### [Your goal]
Copy all the records exactly, but keep the pictures out of your version.

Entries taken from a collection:
★ ★ ★

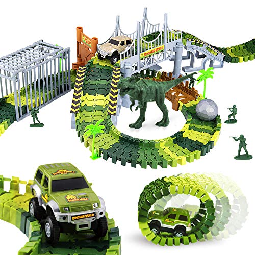 Dinosaur Toys,156pcs Create A Dinosaur World Road Race,Flexible Track Playset and 2 pcs Cool Dinosaur car for 3 4 5 6 Year & Up Old boy Girls Best Gift
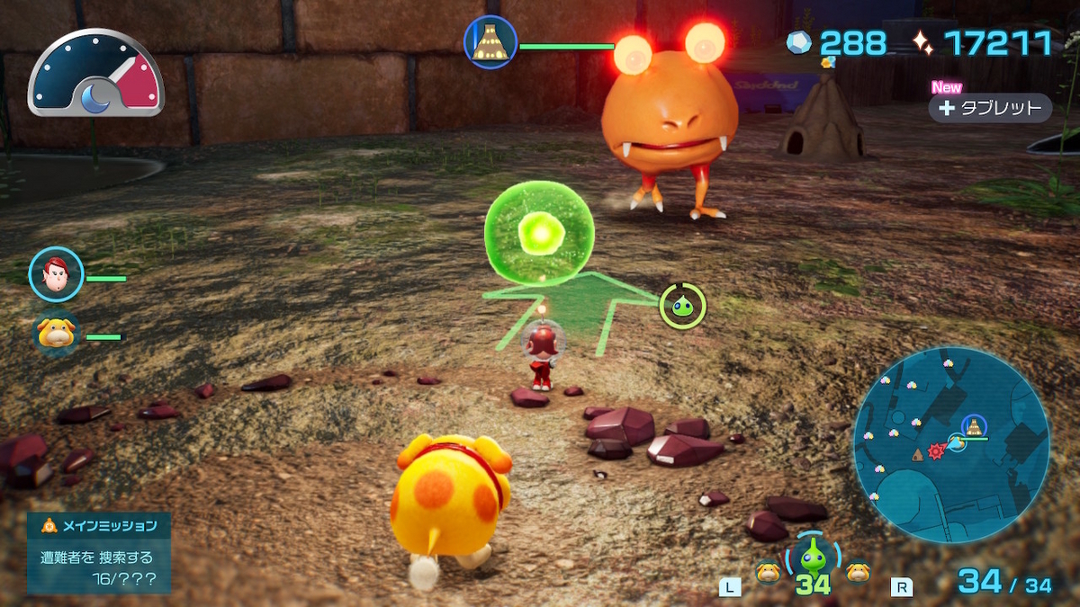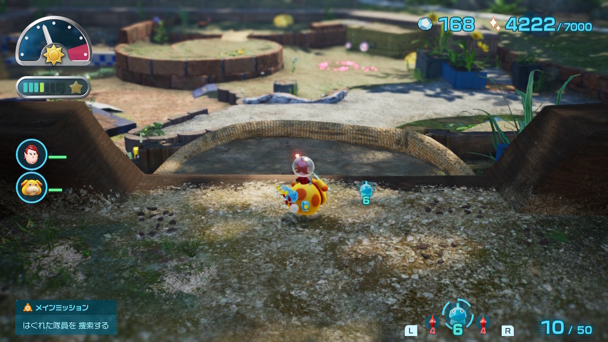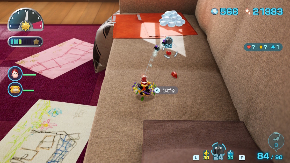 本作、前述した通りピクミン1や3のように、通常の地上探索に時間制限要素がないため、かなり緩く遊ぶことが出来るようになっているんですよ。マップにある洞窟に至ってはどんなに遊んでも時間経過が一定なので、時間を気にする必要がほとんどありません。
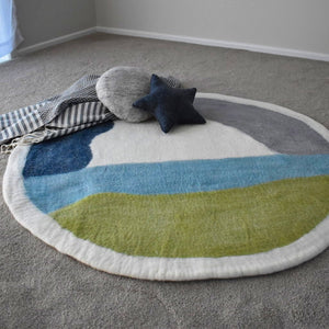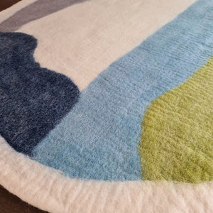 Our Land and Sky felt rug is inspired by nature and carefully crafted by hand. With colours of spring green, flowing blues, white and grey this rug will bring your room to life.
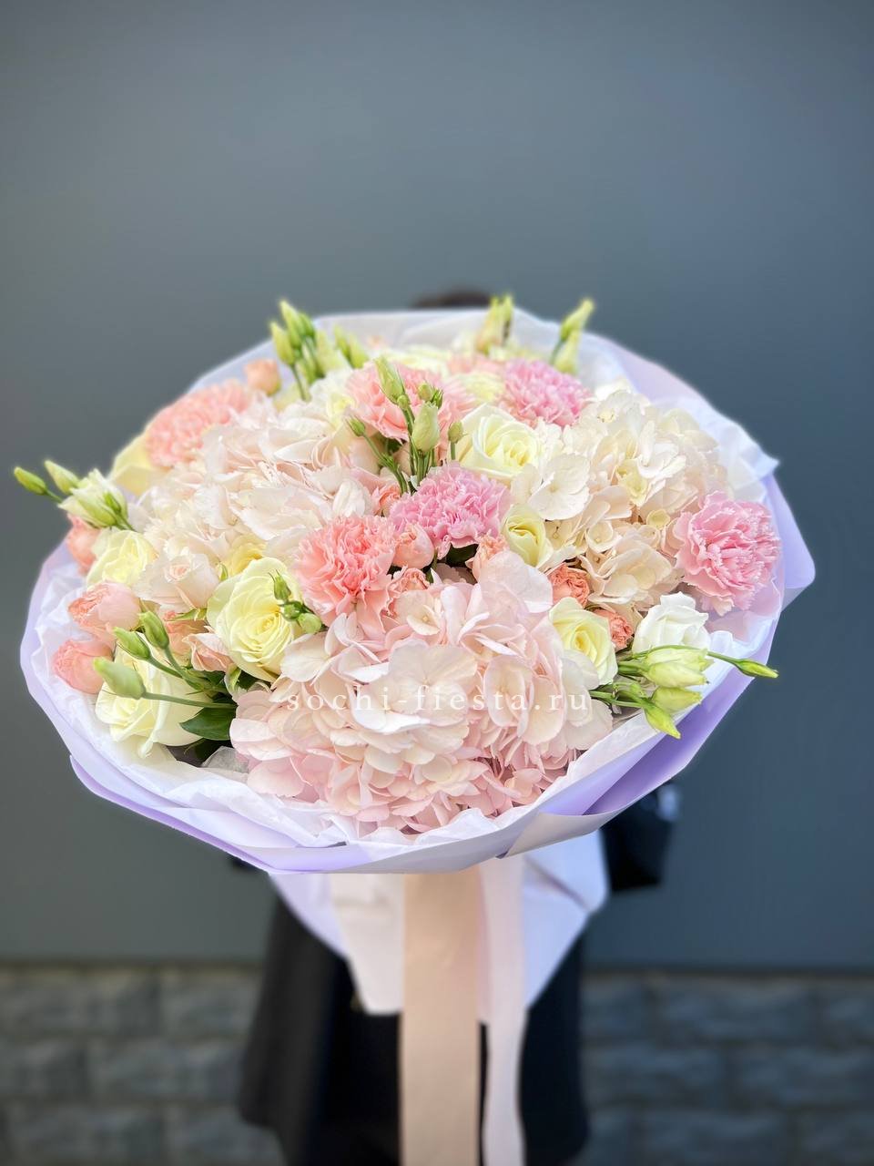 маттиола, розы, гортензия, диантусы, хризантемы , лента и дизайнерская пленка.
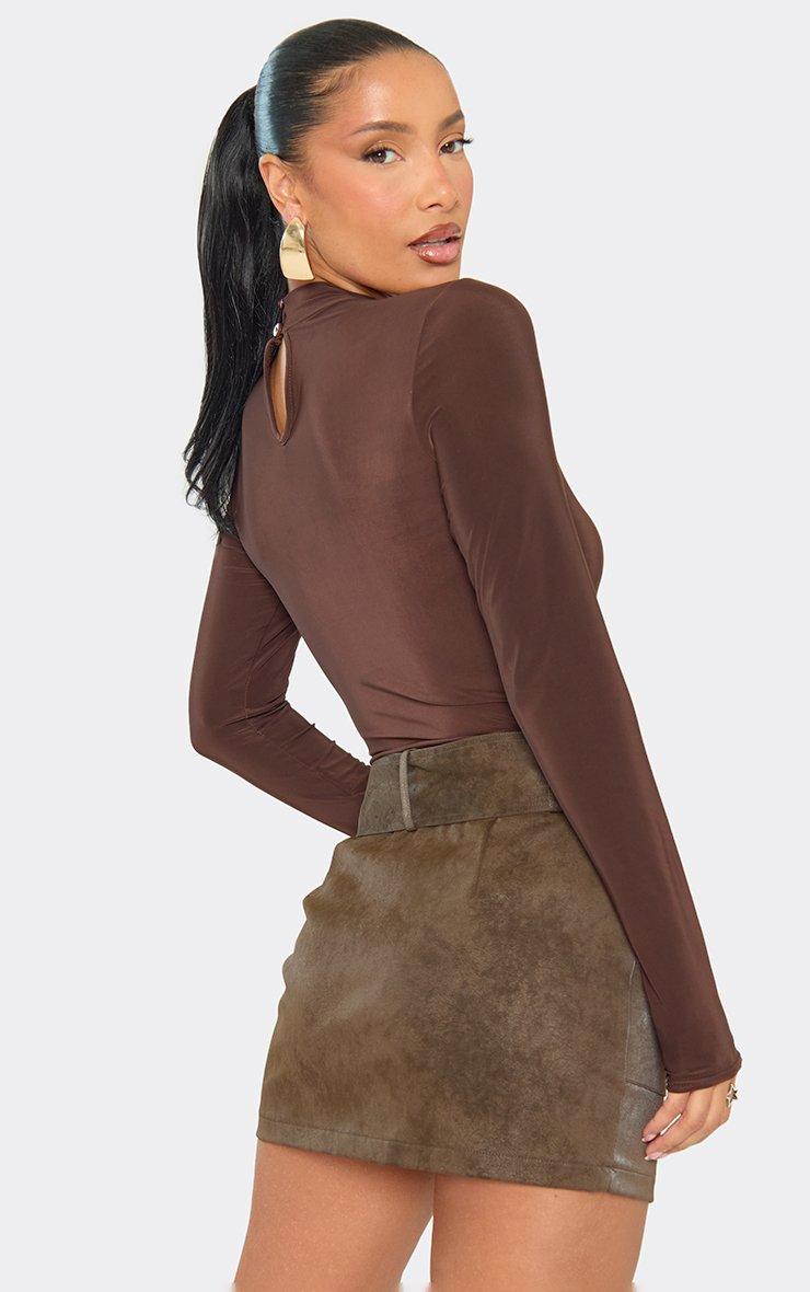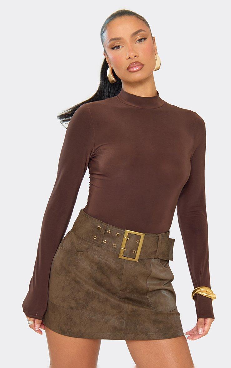 Mid Rise Ruched Front Detail Mini Skirt In Chocolate Brown Satin
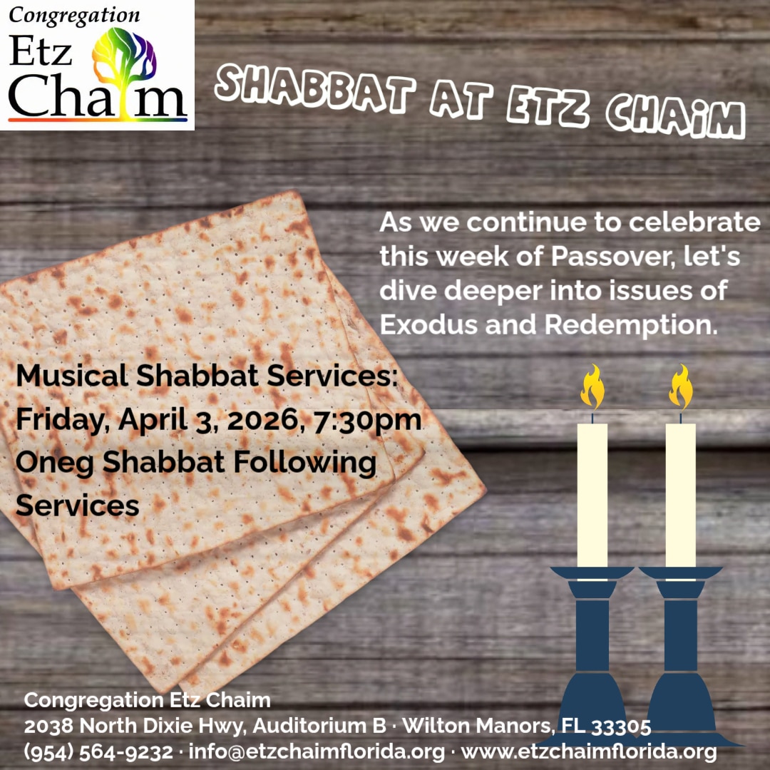 CHM Pesach 5786 April 3 2026 March 24, 2026 ← Shabbat Services and Oneg Shabbat – Congregation Etz Chaim, Wilton Manors

★ ★ ★

### [Answer box]
 Dinosaur Toys,156pcs Create A Dinosaur World Road Race,Flexible Track Playset and 2 pcs Cool Dinosaur car for 3 4 5 6 Year & Up Old boy Girls Best Gift
 本作、前述した通りピクミン1や3のように、通常の地上探索に時間制限要素がないため、かなり緩く遊ぶことが出来るようになっているんですよ。マップにある洞窟に至ってはどんなに遊んでも時間経過が一定なので、時間を気にする必要がほとんどありません。
 Our Land and Sky felt rug is inspired by nature and carefully crafted by hand. With colours of spring green, flowing blues, white and grey this rug will bring your room to life.
 маттиола, розы, гортензия, диантусы, хризантемы , лента и дизайнерская пленка.
 Mid Rise Ruched Front Detail Mini Skirt In Chocolate Brown Satin
 CHM Pesach 5786 April 3 2026 March 24, 2026 ← Shabbat Services and Oneg Shabbat – Congregation Etz Chaim, Wilton Manors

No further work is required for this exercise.